楽曲のミックス作業では、スピーカーからまるで1968年の伝説的会場グランデ・バルルームから時空を超えて届いたかのような、巨大で不気味な空洞を思わせるサウンドが鳴り響いたといい、当時のスタジオの興奮と冒険がそのまま真空パックされています。公開されたミュージックビデオは、1960年代のフリージャズ(Pharoah Sanders や Sun Ra など)や、The Fugs、Allen Ginsberg といった型破りな芸術家たちにインスパイアされた彼らの特異なビジョンを視覚的にも表現しており、約4半世紀の時を経てついに日の目を浴びる「失われた傑作」の全貌へと聴き手を誘います。


Nation of Language – “The Conversation”

ブルックリンのシンセポップ・トリオNation of Languageが、ニューシングル「The Conversation」をリリースしました。本作は、ニュージャージー州出身のフロントマンIan Richard Devaneyが幼少期から親しんできたブルース・スプリングスティーン(Bruce Springsteen)の名盤『Tunnel of Love』に収録されている隠れた名曲「Tougher Than the Rest」のカバー曲です。昨年のツアー中の感情的なギグの後、音響エンジニアが退場曲としてこの曲を流した際に強烈なインスピレーションを受けた彼らは、1000枚限定の7インチ・シングルとしてもこの楽曲をリリースします。

カバーの制作にあたり、バンドはオリジナル版の1987年のセッションでも多用されていた伝説的なシンセサイザー「Yamaha CS-80」を幸運にも使用することができました。Ian Richard Devaneyが「オリジナルと同じ質感のサウンドを扱えると分かったことで、ブルースの曲をカバーするという畏れ多さが少し和らいだ」と語るように、巨匠への敬意を払いながらも彼ららしい現代的なシンセポップへと見事に再構築されています。これまでのオリジナル楽曲が持つ洗練された会話劇のような空気感を受け継ぎつつ、ノスタルジックでエモーショナルな輝きを放つシングルに仕上がっています。

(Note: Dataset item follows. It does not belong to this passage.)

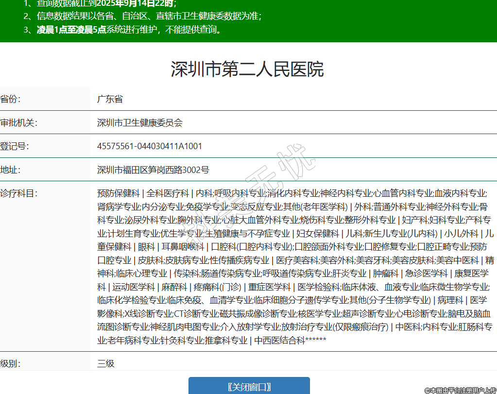 省份:廣東省審批機關(guān):深圳市衛(wèi)生健康委員會登記號:45575561-044030411A1001地址:深圳市福田區(qū)筍崗西路3002號診療科目:預(yù)防保健科 | 全科醫(yī)療科 | 內(nèi)科;呼吸內(nèi)科專業(yè);消化內(nèi)科專業(yè);神經(jīng)內(nèi)科專業(yè);心血管內(nèi)科專業(yè);血液內(nèi)科專業(yè);腎病學(xué)專業(yè);內(nèi)分泌專業(yè);免疫學(xué)專業(yè);變態(tài)反應(yīng)專業(yè);其他(老年醫(yī)學(xué)科) | 外科;普通外科專業(yè);神經(jīng)外科專業(yè);骨科專業(yè);泌尿外科專業(yè);胸外科專業(yè);心臟大血管外科專業(yè);燒傷科專業(yè);整形外科專業(yè) | 婦產(chǎn)科;婦科專業(yè);產(chǎn)科專業(yè);計劃生育專業(yè);優(yōu)生學(xué)專業(yè);生殖健康與不孕癥專業(yè) | 婦女保健科 | 兒科;新生兒專業(yè)(兒內(nèi)科) | 小兒外科 | 兒童保健科 | 眼科 | 耳鼻咽喉科 | 口腔科(口腔內(nèi)科專業(yè));口腔頜面外科專業(yè);口腔修復(fù)專業(yè);口腔正畸專業(yè);預(yù)防口腔專業(yè) | 皮膚科;皮膚病專業(yè);性傳播疾病專業(yè) | 醫(yī)療美容科;美容外科;美容牙科;美容皮膚科;美容中醫(yī)科 | 精神科;臨床心理專業(yè) | 傳染科;腸道傳染病專業(yè);呼吸道傳染病專業(yè);肝炎專業(yè) | 腫瘤科 | 急診醫(yī)學(xué)科 | 康復(fù)醫(yī)學(xué)科 | 運動醫(yī)學(xué)科 | 麻醉科 | 疼痛科(門診) | 重癥醫(yī)學(xué)科 | 醫(yī)學(xué)檢驗科;臨床體液、血液專業(yè);臨床微生物學(xué)專業(yè);臨床化學(xué)檢驗專業(yè);臨床免疫、血清學(xué)專業(yè);臨床細(xì)胞分子遺傳學(xué)專業(yè);其他(分子生物學(xué)專業(yè)) | 病理科 | 醫(yī)學(xué)影像科;X線診斷專業(yè);CT診斷專業(yè);磁共振成像診斷專業(yè);核醫(yī)學(xué)專業(yè);超聲診斷專業(yè);心電診斷專業(yè);腦電及腦血流圖診斷專業(yè);神經(jīng)肌肉電圖專業(yè);介入放射學(xué)專業(yè);放射治療專業(yè)(僅限瘢痕治療) | 中醫(yī)科;內(nèi)科專業(yè);肛腸科專業(yè);老年病科專業(yè);針灸科專業(yè);推拿科專業(yè) | 中西醫(yī)結(jié)合科******級別:三級法定代表人:曾暉主要負(fù)責(zé)人:***執(zhí)業(yè)許可證有效期:2022/02/15 -至- 2037/02/14 -

Girl and Girl – “Hell + It’s Dead”

オーストラリア・ブリスベン出身のインディー・ロックバンド、Girl and Girlが、ニューシングル「Hell + It’s Dead」を発表しました。本作は、Rolling Stone Australia誌から「誰もが共感できる、非常にキャッチーな感情の混乱(エモーショナル・メイヘム)」と評された2024年の傑作デビューアルバム『Call A Doctor』、そして2025年のシングル「Okay」「The Cow」に続く、ファン待望の新曲。彼ららしい鋭利なギターサウンドと、焦燥感やユーモアが爆発するエネルギッシュなオルタナティブ・ロックを展開しています。

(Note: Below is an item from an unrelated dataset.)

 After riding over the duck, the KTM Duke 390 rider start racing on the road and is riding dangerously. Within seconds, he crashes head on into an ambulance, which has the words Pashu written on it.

収録曲「It’s Dead」について、フロントマンのKai Aubort(カイ・オーボート)は「僕たちはいつも音楽の中で死を仄めかし、遠回しに語ってきたけれど、そろそろはっきりと口に出すべき時が来たと思ったんだ……『そいつは死んだ(IT’S DEAD!!!!)』ってね!」とコメント。バンドが持ち前とするダークでどこかシニカルな死生観を、瑞々しくも破壊力のあるパンキッシュなガレージ・ポップへと昇華させており、彼らの新章の幕開けにふさわしい、中毒性の高い強烈な2曲入りシングルに仕上がっています。


Cartel Madras and Jide – “EVIDENT 2 ME”

カナダ・カルガリーを拠点に活動するヒップホップ・デュオ Cartel Madrasの最新シングル「EVIDENT 2 ME」は、高く評価された2021年のプロジェクト『The Serpent & The Tiger』以来、約5年ぶりの新章を告げる鮮烈な帰還シングルです。復讐心を胸に宿し、目の前に広がる新たな冒険へと踏み出す彼女たちの不敵な決意が込められた一曲であり、これまでの沈黙を破るにふさわしい圧倒的なエネルギーに満ちあふれています。

サウンド面では、彼女たちの代名詞である硬質なミリタント・ラップを軸に、エレクトロニック・ミュージック、ジャングル、そしてインダストリアルな質感を大胆にブレンド。さらに映画的な世界観構築(ワールドビルディング)が施されています。流行のトレンドサイクルなど一切一蹴し、独自の重厚な空気感、ヒリつきそうな緊張感、そして音楽的な変革(トランスフォーメーション)に執着した、彼女たちのダークで孤高な宇宙の奥深くへとリスナーを引きずり込む、中毒性の高いトラックに仕上がっています。


Sera Cahoone – “Pulling Up Roots”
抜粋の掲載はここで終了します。